What’s your side hustle?
Come out of school and get an apprenticeship, come out of uni and get a job – work for 40 years, get a pension and have an enjoyable retirement. At least that was the way it was if you were a Baby boomer and born in the early 1950s.
The education, apprenticeship and workplace have made such changes in the last 50 years that would be totally unrecognisabl should the people from that era be transported in to the 2020s. For many centuries prior to the industrial revolution the concept of “work” was simply agricultural labour, if that was you actually worked for somebody. The old feudal system would mean a hierarchical system where the workers would be farm based with work almost entirely based around food and resources – job titles were minimal being mostly “farm hand” etc.
Then the industrial revolution, factories, the baby boomers, technology, the internet, the service industry, the gig economy, the contractor market have changed the idea of work beyond measure. Even in the last generation, there has been a systemic shift. The idea of a 9 – 5, based around a single office, factory or manufacturing site have all but disappeared.
So it came to pass that in the last 5 or so years, graduates, millennials and the like don’t come out of academia with a single, narrow-minded career path but instead have a variety of choices. Many opting to be entrepreneurs in their own right. When I was growing up in the 80s, if somebody was an entrepreneur it conjured up images of them having their own private yacht and being some kind of venture capitalist with a side line in owning horses for polo matches – or perhaps that was just me!
Fast forward to 2020 and you have entrepreneurs doing the type of endeavours that simply were not possible even 15 years earlier. With the advent of the smartphone – an app can turn the right go-getters with the right idea into billionaires. Just look at Uber, the world’s largest taxi company that doesn’t own a single taxi. There are Millennials who have set up microbreweries in their garage and now have multi-million pound turnovers with an ever-growing appetite for pale ale and the like.
From this developed the gig economy, social media marketing and the online business. Deliveroo, Uber, FOREX trading apps all allow those leaving education to have an almost instant access to markets, consumers, flexible working and the entrepreneurial endeavours that can allow for the accumulation of success in much shorter periods of time than previously.

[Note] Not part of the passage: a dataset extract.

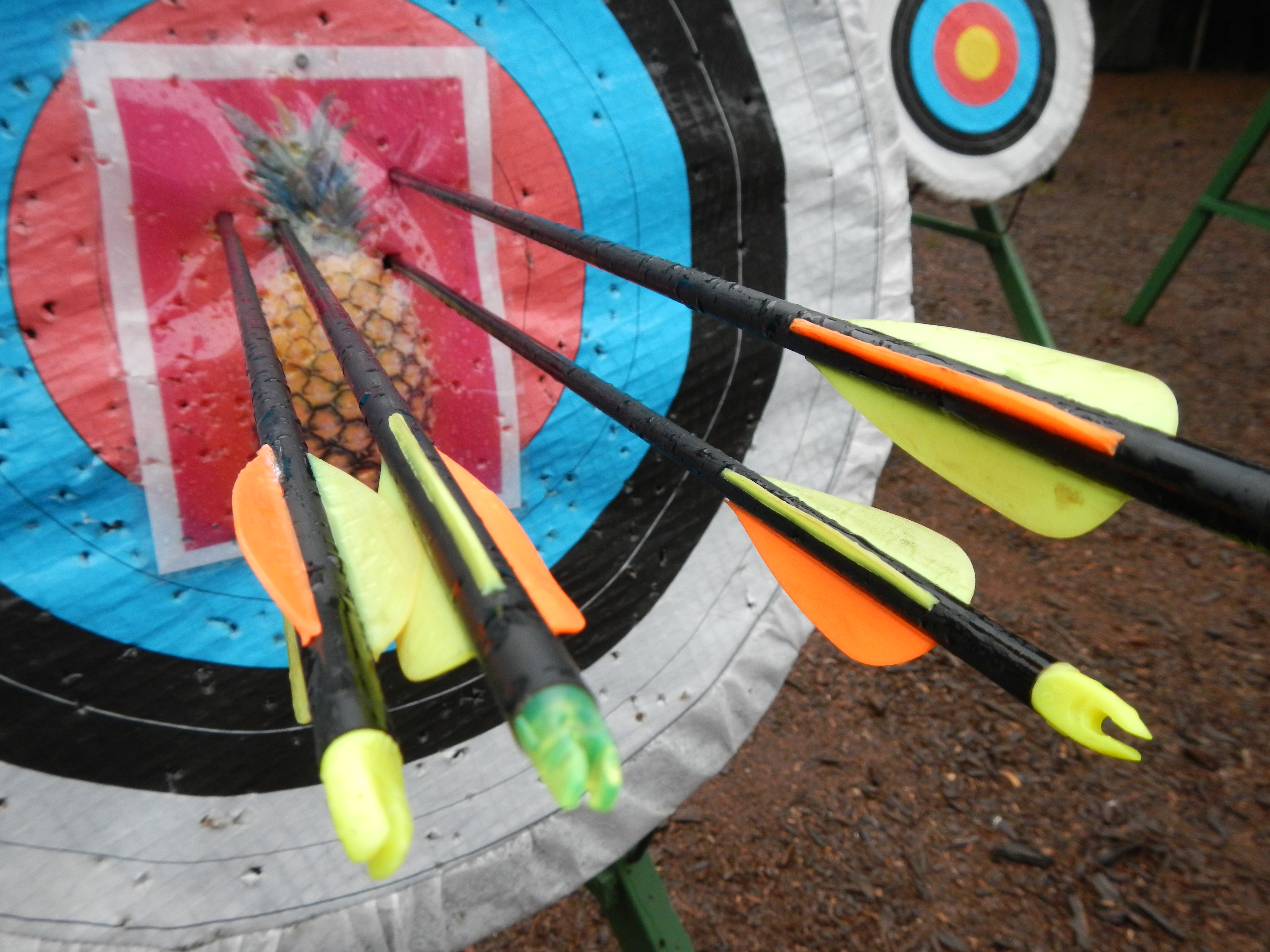 ???????????????????????????????I had nothing against little clay pigeons – or other fake animals, for that matter – so I opted for the archery range. Besides, the pineapple on the target looked oh so smug hanging there, daring me to shoot it. And shoot it I did, repeatedly. Again and again I filled the pineapple full of arrows, only occasionally missing the target altogether. It was a blast, as much fun as the ride up, since it reminded me of those days long since gone.

There is now a further trend where even those commencing graduate schemes, internships, apprenticeships and those people newly qualified tend to have a “side hustle” or “side gig” alongside their main career choice this side hustle acts as a backup or supplement in terms of options and income.
These are just some of the “side hustles” I have come across, both the good, the bad and the weird: FOREX trading, Deliveroo driving, bar tending, Only-Fans, dodgeball umpire, silver bullion trader, online antiques resources, wedding prepper for pets, dough maker and app developer for the stamp collection market.
All of these had varying degrees of effort and returning profit but the key factor is that these side hustles gave at the very least some beer money and in the more efficient side hustles the chance to significantly increase the base salary. Not only that, but the “side hustle” increases a person’s breadth of life skills. Perhaps it could be viewed as a more creative and professionally developed attribute to a candidate’s CV than the classic “gap yah” of travelling to Oz and South East Asia.
This is perhaps no more fitting than during the Covid-19 generation as I am sure they may be known where the need to have an additional source of income becomes a necessity rather than an attribute.
In the book Rich Dad, Poor Dad the idea is reiterated many times that experience and tenacity in entrepreneurship far outweighs the benefits of the constraints of academia and such like. Even I have ventured into the side hustle in that I now have various trading apps- I research, bonds, stocks and shares – even the penny shares for what can supplement my annual income- not out of necessity but just as an additional focus and interest.
If I’m honest, the discovery of the “side hustle” made me venture beyond my day-to-day recruitment, my buy to let endeavours and get down to the grittiness of an actual hustle.
Just invest the money you can afford, spend the time you can spare and before you know it your side hustle could be the next UBER!